Provided material:
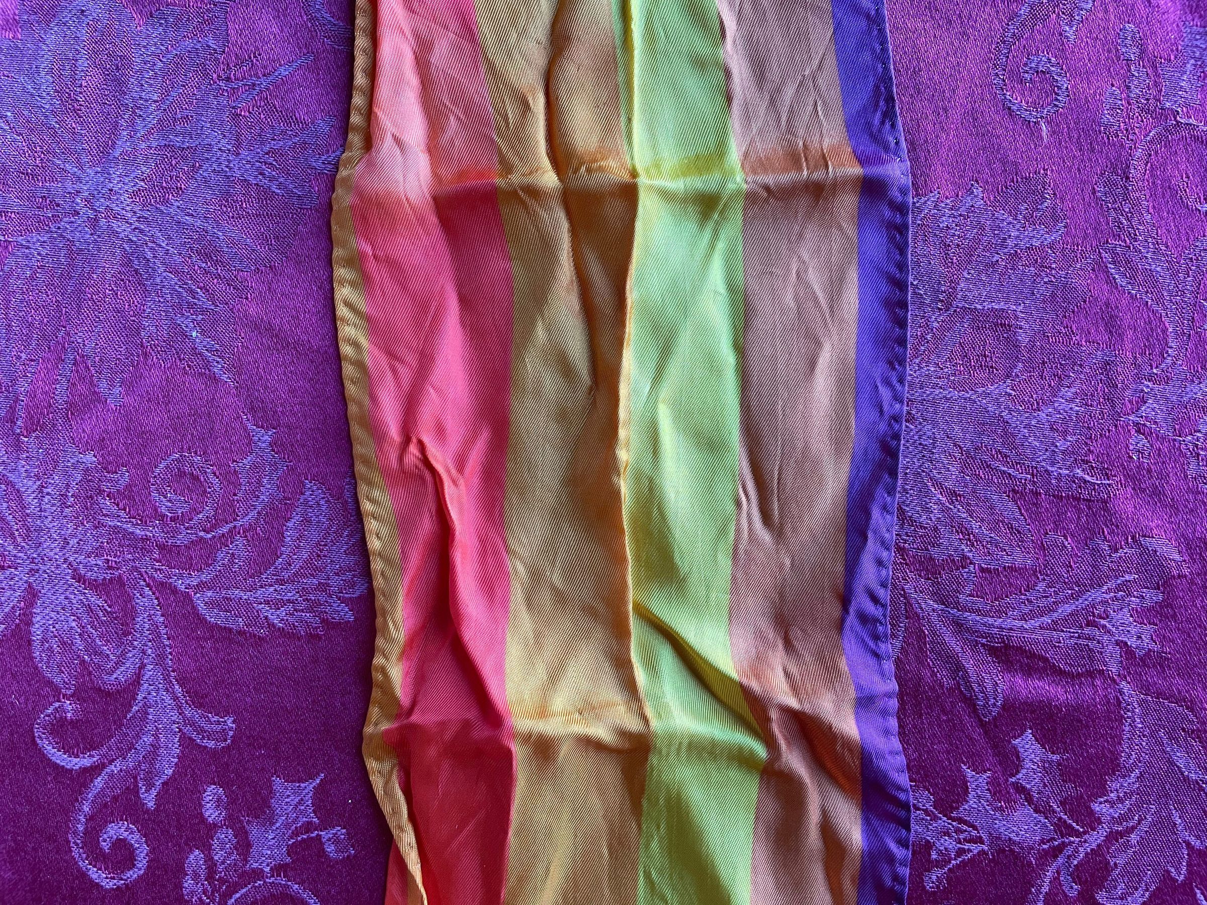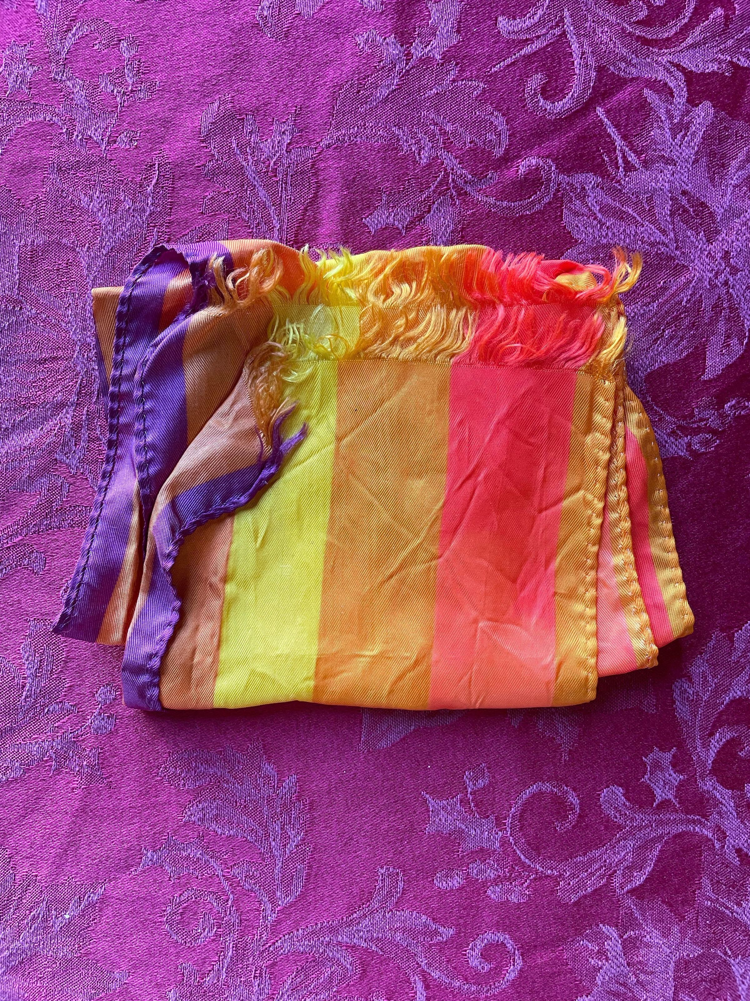 A rainbow-colored scarf with red, orange, yellow, and purple. It’s quite a bit longer in terms of general scarf design. It might’ve been looped around the neck a few times over.Color
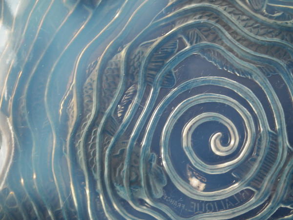 René Lalique Opalescent Glass blue stained 'Dauphins' Coupe plate
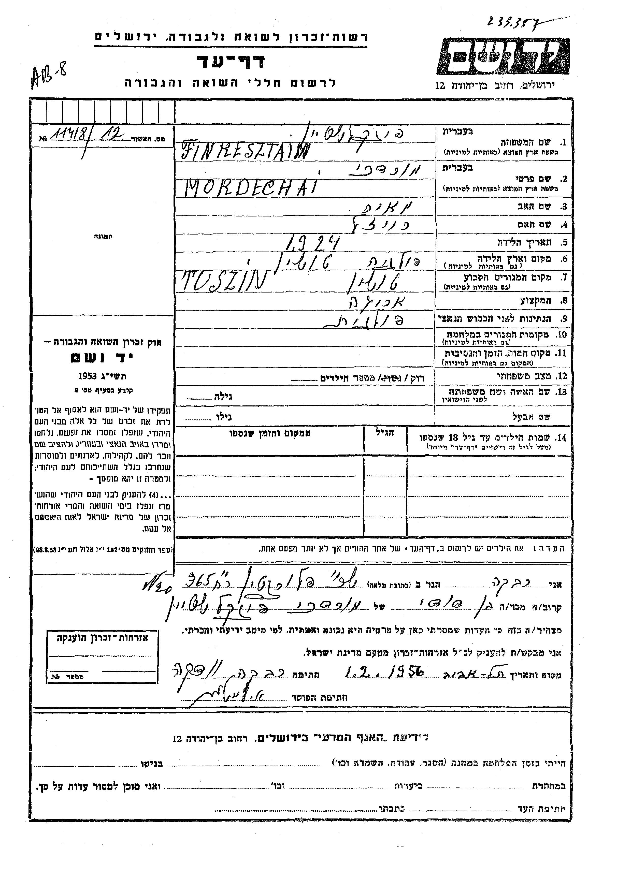 Finkesztain Finkelshtein Mordechai 1924 Tuszyn, Pologne Feuille de témoignage
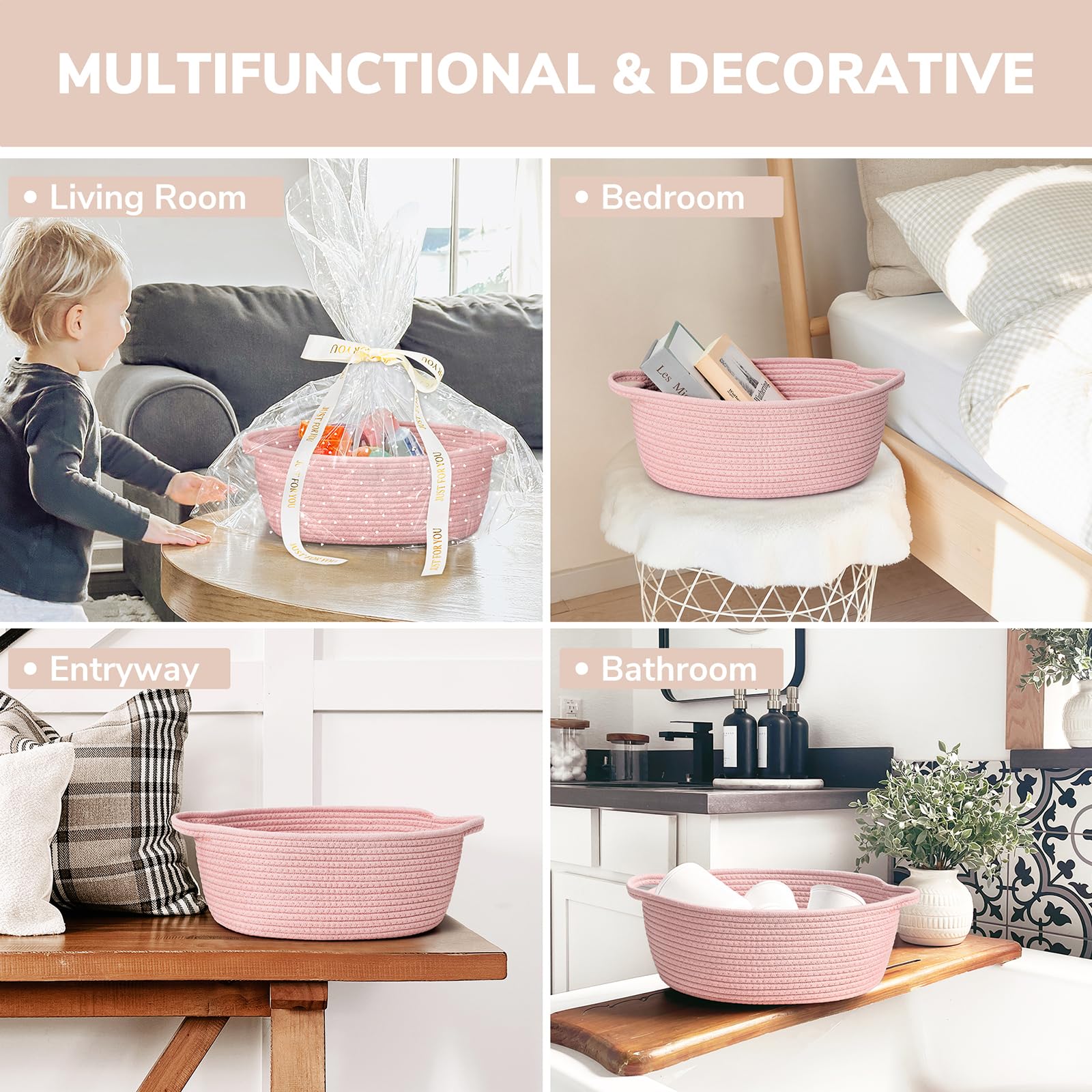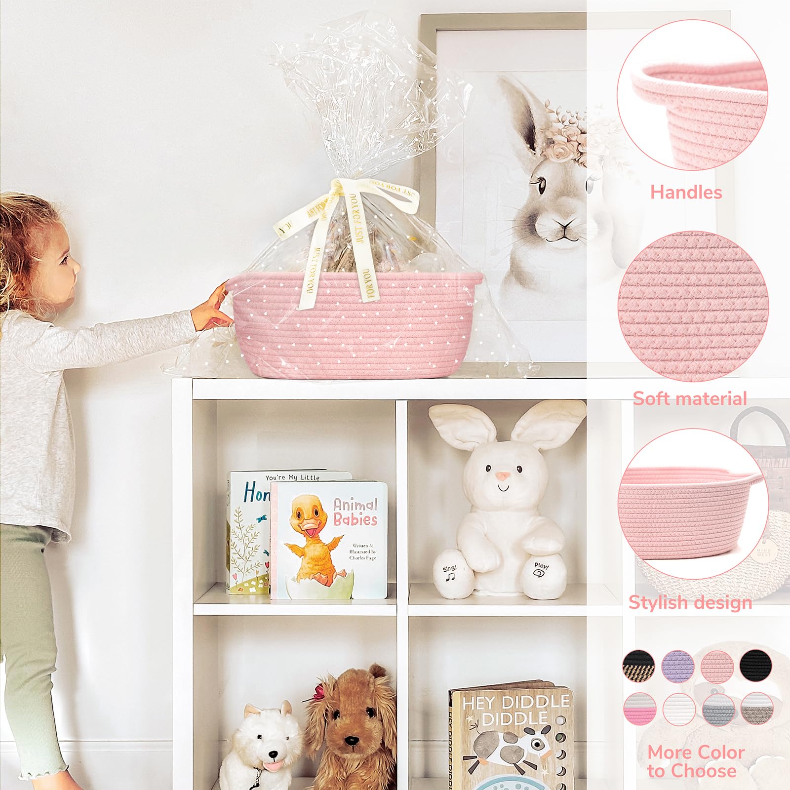 Baby Gift Baskets - Material: rope/woven - Color: Baby Pink - Size: 12 x 8 x 5 inches
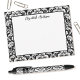 Cartão De Notas Placa de Nota de Damasco Branco Preto Elegante
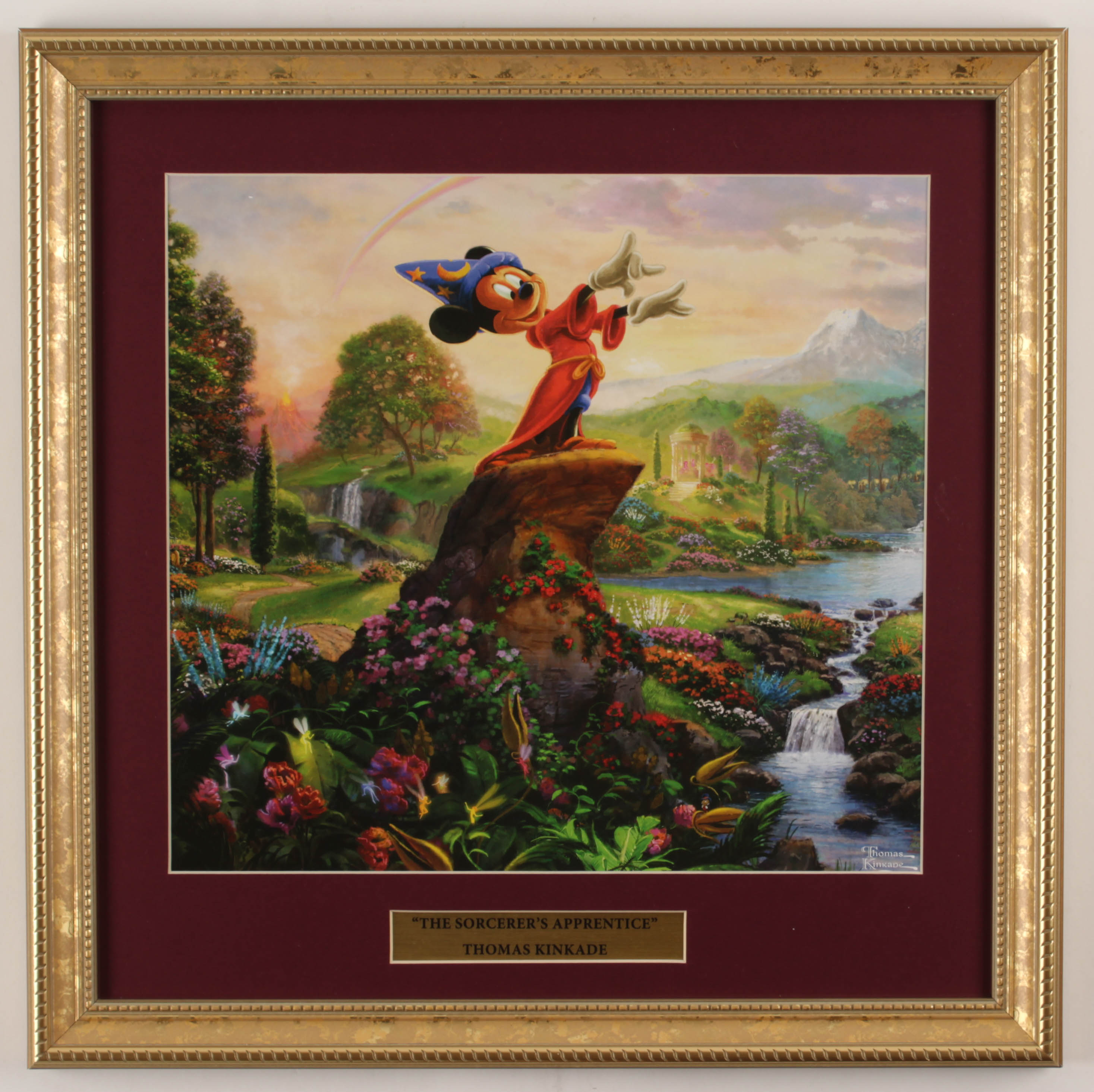 Custom frame measures 16" x 16" in size and features a print of "The Sorcerer's Apprentice" by Thomas Kinkade (D. 2012).

Task statement: Would you reproduce the lines from the one with "Finkesztain Finkelshtein Mordechai" through the final line of the data above, exactly and only those, without any pictures?

Reply:
 Finkesztain Finkelshtein Mordechai 1924 Tuszyn, Pologne Feuille de témoignage
 Baby Gift Baskets - Material: rope/woven - Color: Baby Pink - Size: 12 x 8 x 5 inches
 Cartão De Notas Placa de Nota de Damasco Branco Preto Elegante
 Custom frame measures 16" x 16" in size and features a print of "The Sorcerer's Apprentice" by Thomas Kinkade (D. 2012).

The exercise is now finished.